- **Problem details**
Please return every entry below exactly as written, without any of its pictures.
========================================
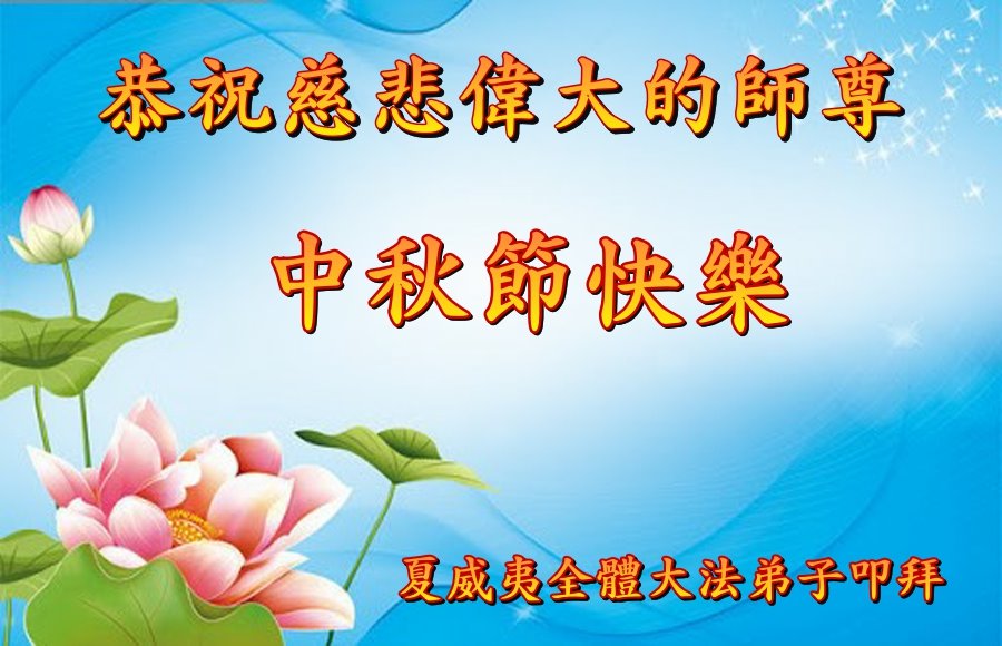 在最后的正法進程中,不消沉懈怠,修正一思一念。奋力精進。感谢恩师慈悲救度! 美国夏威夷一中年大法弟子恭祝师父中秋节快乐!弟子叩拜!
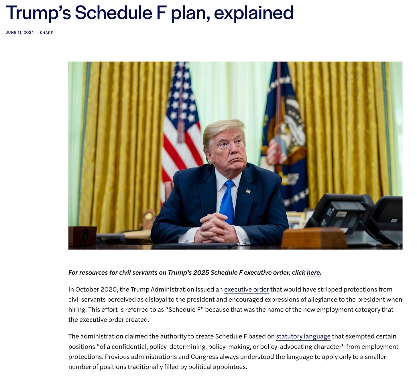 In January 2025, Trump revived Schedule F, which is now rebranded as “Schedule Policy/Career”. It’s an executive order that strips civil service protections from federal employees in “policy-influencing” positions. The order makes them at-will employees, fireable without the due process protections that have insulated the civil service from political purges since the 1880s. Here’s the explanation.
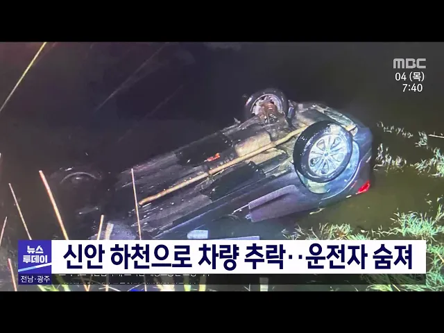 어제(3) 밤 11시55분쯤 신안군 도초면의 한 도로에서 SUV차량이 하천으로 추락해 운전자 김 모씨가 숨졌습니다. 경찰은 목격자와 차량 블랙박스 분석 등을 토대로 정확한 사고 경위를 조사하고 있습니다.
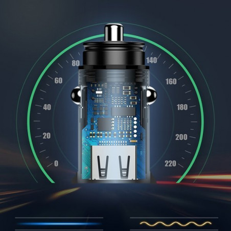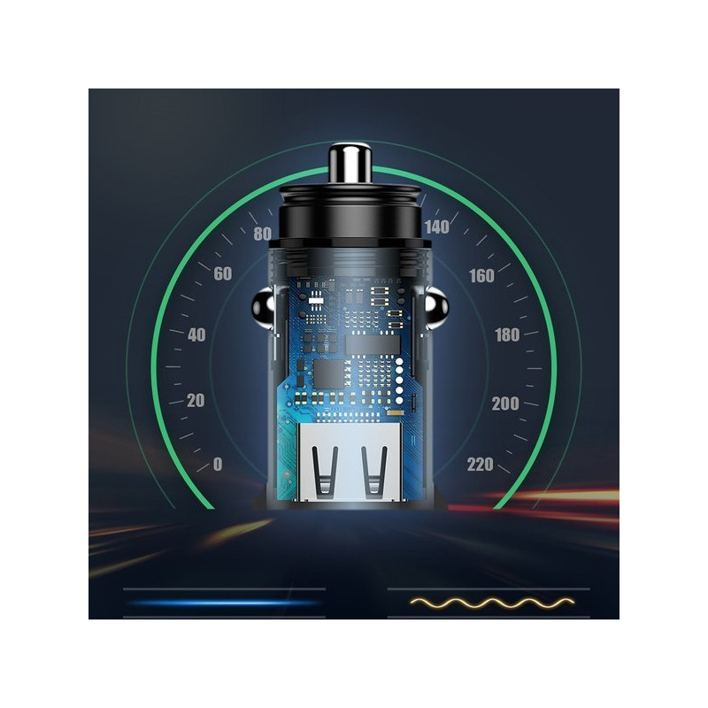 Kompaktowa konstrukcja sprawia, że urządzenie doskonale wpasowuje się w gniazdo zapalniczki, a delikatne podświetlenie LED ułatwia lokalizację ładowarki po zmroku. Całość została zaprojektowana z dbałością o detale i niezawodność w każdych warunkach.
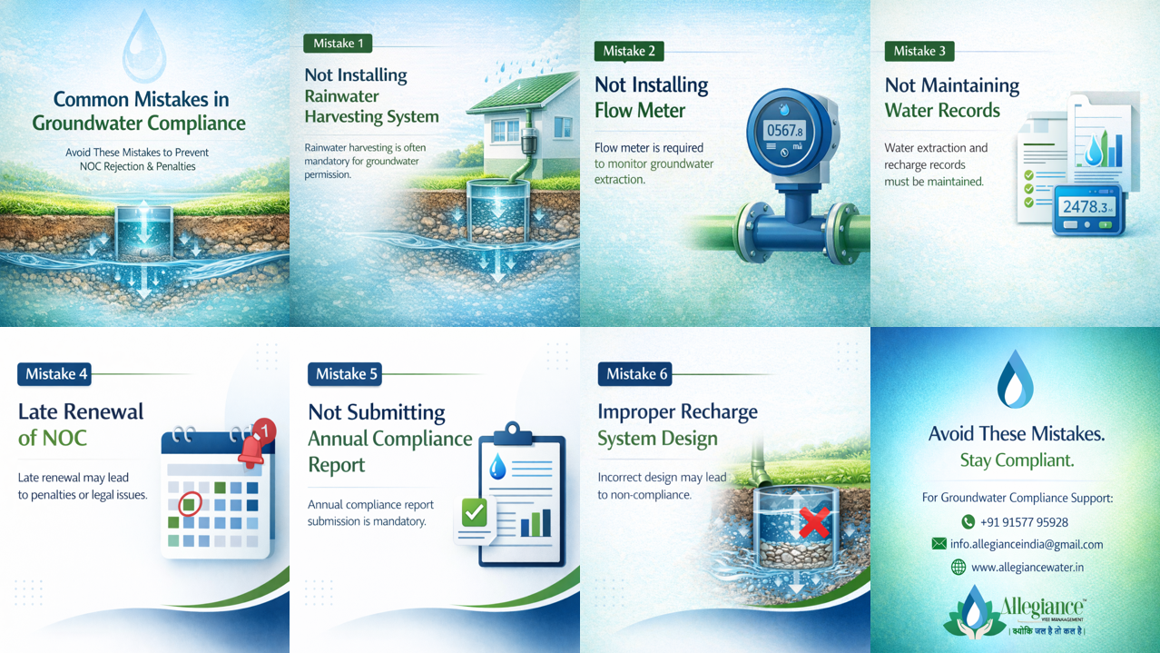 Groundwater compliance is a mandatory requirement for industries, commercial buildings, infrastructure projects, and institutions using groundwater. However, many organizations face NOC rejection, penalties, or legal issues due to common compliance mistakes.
========================================
- **Answer box**
 在最后的正法進程中,不消沉懈怠,修正一思一念。奋力精進。感谢恩师慈悲救度! 美国夏威夷一中年大法弟子恭祝师父中秋节快乐!弟子叩拜!
 In January 2025, Trump revived Schedule F, which is now rebranded as “Schedule Policy/Career”. It’s an executive order that strips civil service protections from federal employees in “policy-influencing” positions. The order makes them at-will employees, fireable without the due process protections that have insulated the civil service from political purges since the 1880s. Here’s the explanation.
 어제(3) 밤 11시55분쯤 신안군 도초면의 한 도로에서 SUV차량이 하천으로 추락해 운전자 김 모씨가 숨졌습니다. 경찰은 목격자와 차량 블랙박스 분석 등을 토대로 정확한 사고 경위를 조사하고 있습니다.
 Kompaktowa konstrukcja sprawia, że urządzenie doskonale wpasowuje się w gniazdo zapalniczki, a delikatne podświetlenie LED ułatwia lokalizację ładowarki po zmroku. Całość została zaprojektowana z dbałością o detale i niezawodność w każdych warunkach.
 Groundwater compliance is a mandatory requirement for industries, commercial buildings, infrastructure projects, and institutions using groundwater. However, many organizations face NOC rejection, penalties, or legal issues due to common compliance mistakes.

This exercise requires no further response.